The records >>
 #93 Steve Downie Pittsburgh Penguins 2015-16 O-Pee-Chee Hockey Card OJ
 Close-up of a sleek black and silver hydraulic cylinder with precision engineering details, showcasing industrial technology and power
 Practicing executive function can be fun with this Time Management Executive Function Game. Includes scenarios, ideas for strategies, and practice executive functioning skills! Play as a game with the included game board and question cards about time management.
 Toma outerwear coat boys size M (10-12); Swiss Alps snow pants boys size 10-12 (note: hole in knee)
==
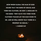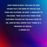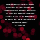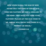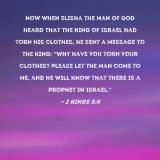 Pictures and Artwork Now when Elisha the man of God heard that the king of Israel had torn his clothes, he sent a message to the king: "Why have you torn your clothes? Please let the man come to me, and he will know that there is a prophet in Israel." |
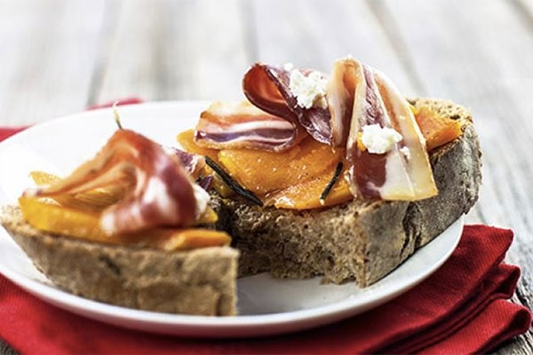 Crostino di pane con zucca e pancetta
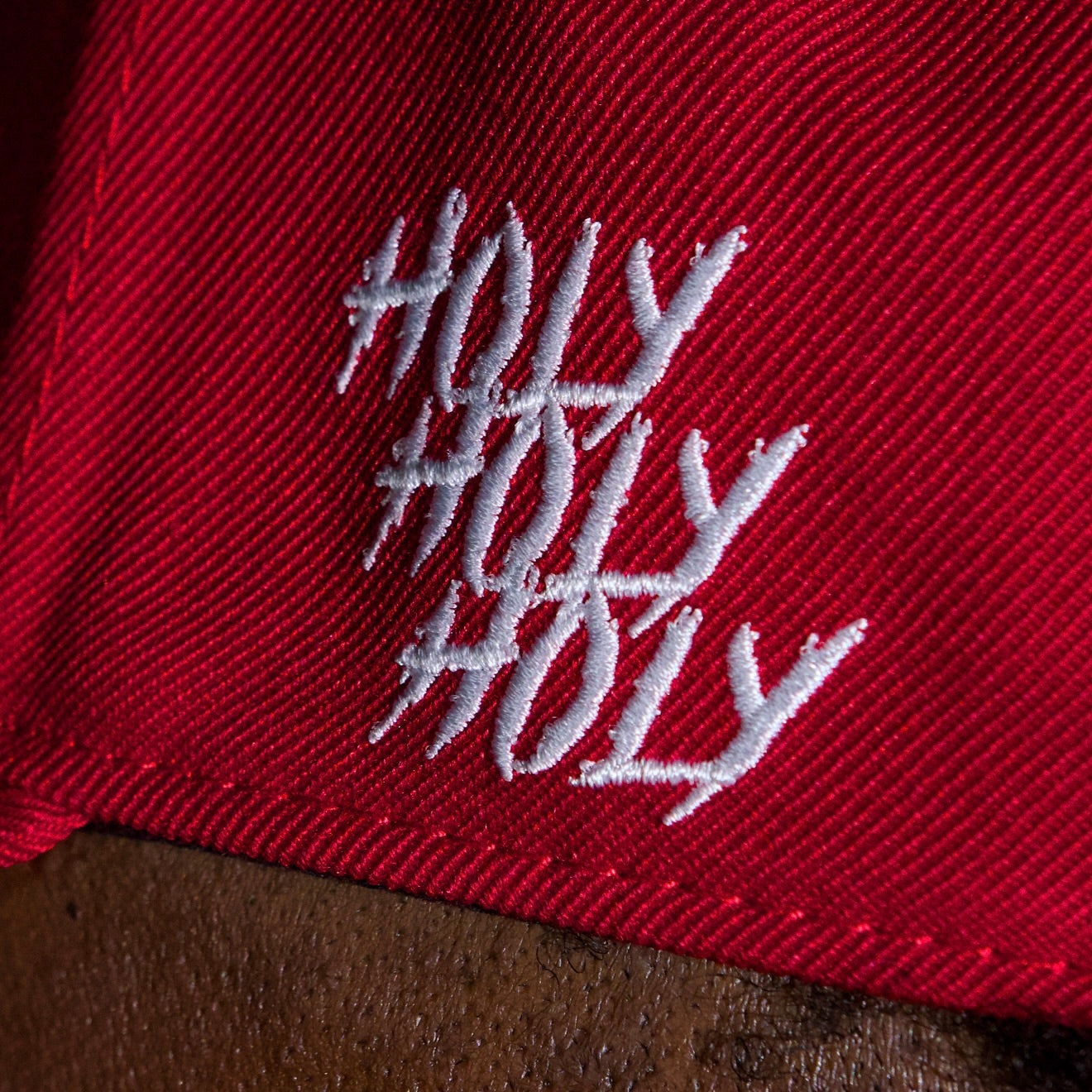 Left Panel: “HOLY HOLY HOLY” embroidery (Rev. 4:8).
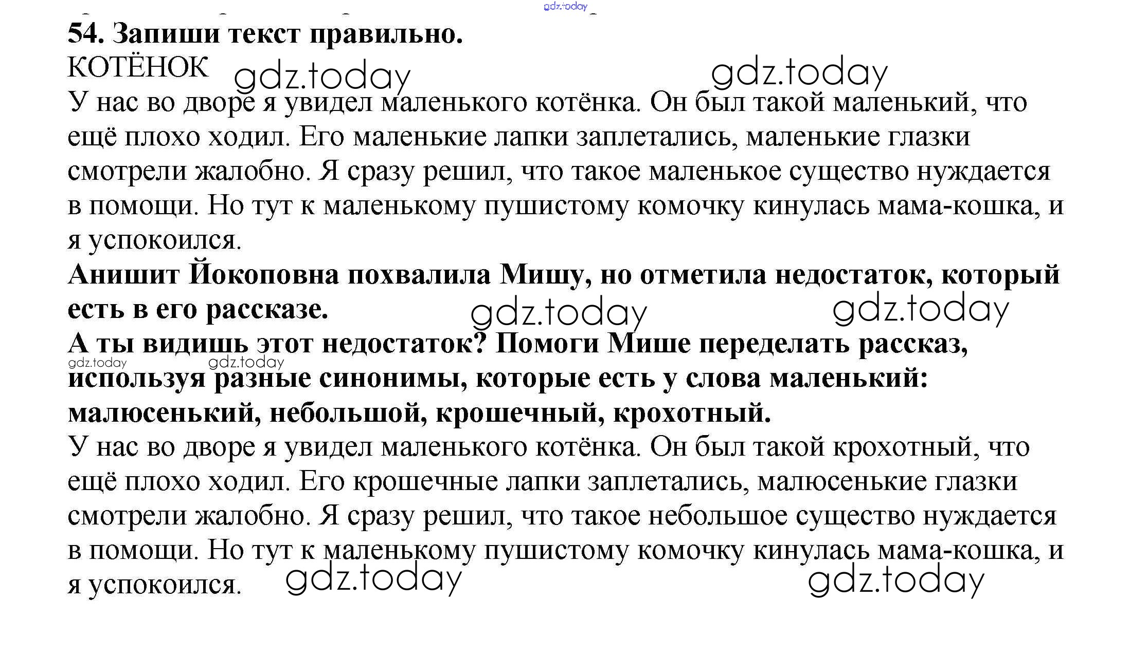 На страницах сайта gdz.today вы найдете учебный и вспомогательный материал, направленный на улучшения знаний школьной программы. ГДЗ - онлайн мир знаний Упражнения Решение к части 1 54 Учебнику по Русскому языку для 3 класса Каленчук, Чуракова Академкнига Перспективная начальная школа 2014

Prompt >>
Above are the records; copy exactly the lines from the one with "Pictures and Artwork" through the one with "На страницах сайта", including both, and nothing more. Leave out pictures.

Result of the exercise >>
 Pictures and Artwork Now when Elisha the man of God heard that the king of Israel had torn his clothes, he sent a message to the king: "Why have you torn your clothes? Please let the man come to me, and he will know that there is a prophet in Israel." |
 Crostino di pane con zucca e pancetta
 Left Panel: “HOLY HOLY HOLY” embroidery (Rev. 4:8).
 На страницах сайта gdz.today вы найдете учебный и вспомогательный материал, направленный на улучшения знаний школьной программы. ГДЗ - онлайн мир знаний Упражнения Решение к части 1 54 Учебнику по Русскому языку для 3 класса Каленчук, Чуракова Академкнига Перспективная начальная школа 2014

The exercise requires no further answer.